• **Task goal**
An exact restatement of all the data is required, with the pictures left out.

• **Information supplied**
┌──

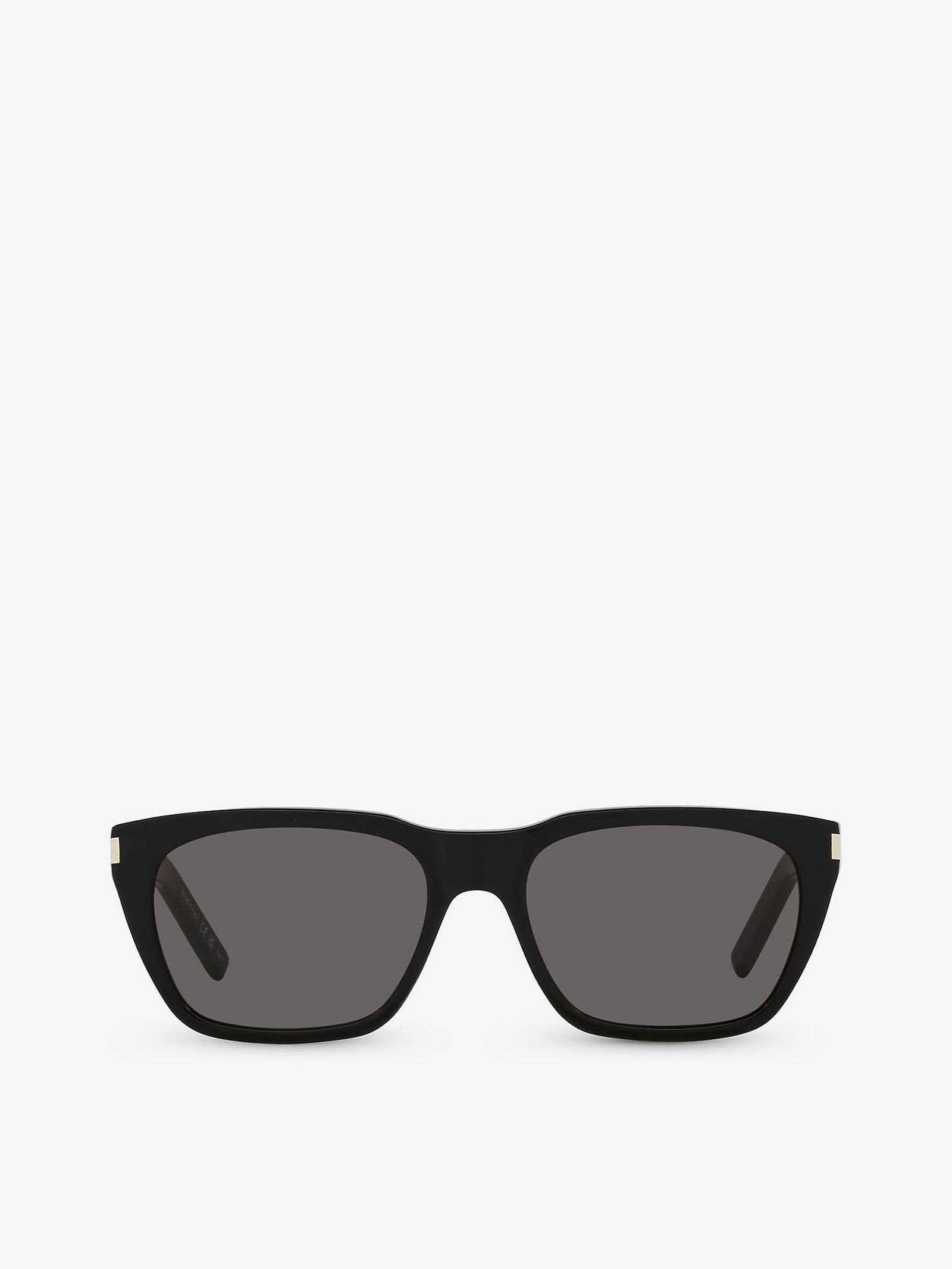 SAINT LAURENT SL598 Rectangle-Frame Acetate Sunglasses in BLACK | endource
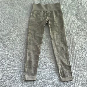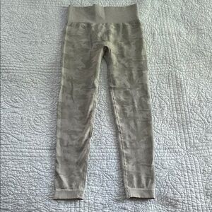 These Gymshark leggings in a sublet camo pattern offer a perfect blend of style and comfort. Featuring a snug elastic waistband and a sleek tapered fit, they are ideal for both workouts and casual wear. Crafted from a soft, cozy fabric, these leggings ensure a comfortable experience throughout the day.
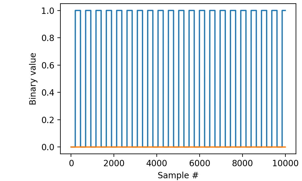 Read 200 ms worth of data from channels “di0” and “di1” with a sampling frequency of 50 kilohertz and display the results using matplotlib:

└──

• **Completed task**
 SAINT LAURENT SL598 Rectangle-Frame Acetate Sunglasses in BLACK | endource
 These Gymshark leggings in a sublet camo pattern offer a perfect blend of style and comfort. Featuring a snug elastic waistband and a sleek tapered fit, they are ideal for both workouts and casual wear. Crafted from a soft, cozy fabric, these leggings ensure a comfortable experience throughout the day.
 Read 200 ms worth of data from channels “di0” and “di1” with a sampling frequency of 50 kilohertz and display the results using matplotlib:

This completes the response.